简体   繁体   English

如何使用 Scala Spark 快速处理数百万个小型 JSON 文件?

[英]How to process millions of small JSON files quickly using Scala Spark?

I have to process millions of JSON files from Azure Blob Storage, each representing one row, and need to load them into Azure SQL DB with some minimal transformation in between.我必须处理来自 Azure Blob 存储的数百万个 JSON 文件,每个文件代表一行,并且需要将它们加载到 Azure SQL DB 中,并在两者之间进行一些最小的转换。 These files come in at random times but follow the same schema.这些文件随机出现,但遵循相同的模式。

My first solution basically just created a DataFrame for each file and pushed it into SQL.我的第一个解决方案基本上只是为每个文件创建了一个 DataFrame 并将其推送到 SQL 中。 This worked when we were receiving hundreds of files but now that we are received millions of files it is not scaling, taking over a day to process.这在我们接收数百个文件时有效,但现在我们收到了数百万个文件,它没有扩展,需要一天的时间来处理。
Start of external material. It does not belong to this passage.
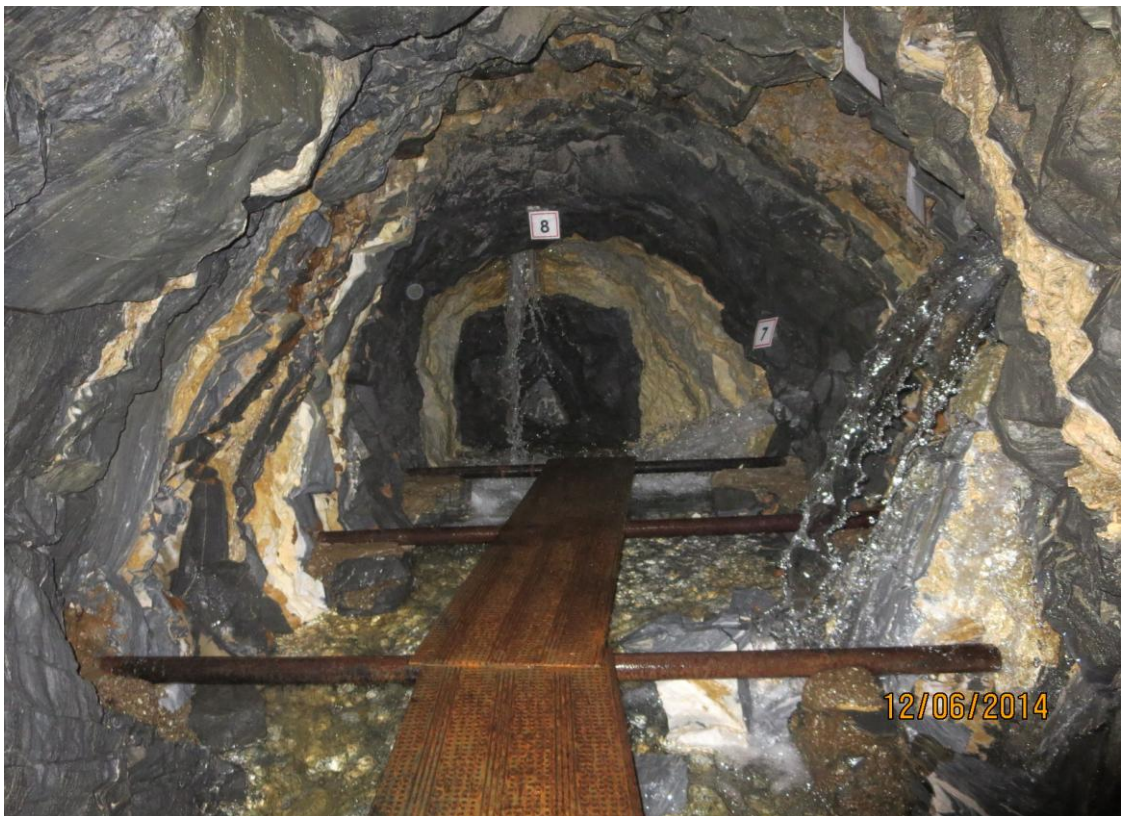
Fotografia sorgente di Remo.

We also tried processing the files in Scala without Spark (see code below) but this is also too slow;我们还尝试在没有 Spark 的情况下在 Scala 中处理文件(见下面的代码),但这也太慢了; 500 files processed in 8 minutes. 8 分钟内处理 500 个文件。

var sql_statement = ""
allFiles.par.map(file_name => {
      //processing
      val json = scala.io.Source.fromFile(file_name).mkString
      val mapData1 = mapper.readValue(json, classOf[Map[String, Any]])
      val account=  mapData1("Contact").asInstanceOf[Map[String, Any]]
      val common = account.keys.toList.intersect(srcDestMap .keys.toList)
      val trMap=common.map(rec=>Map(srcDestMap(rec)->account(rec))).flatten.toMap
      val vals=trMap.keys.toList.sorted.map(trMap(_).toString.replace("'", "''")).map("'"+_+"'")
      //end processing

      val cols="insert into dbo.Contact_VS(" + trMap.keys.toList.sorted.mkString(",") + ")" + " values (" + vals.mkString(",") + ")"
      sql_statement = sql_statement + cols
    })
      val updated=statement.executeUpdate(sql_statement)
      connection.close()

If anyone knows how to optimize this code, or any out-of-the-box thinking we could use to preprocess our JSON it would be greatly appreciated!如果有人知道如何优化这段代码,或者任何我们可以用来预处理我们的 JSON 的开箱即用的想法,我们将不胜感激! The JSON is nested so it's a little more involved to merge everything into one large JSON to be read into Spark but we may have to go that way if no one has any better ideas. JSON 是嵌套的,因此将所有内容合并到一个大的 JSON 以读取到 Spark 中需要更多的工作,但如果没有人有更好的想法,我们可能不得不这样做。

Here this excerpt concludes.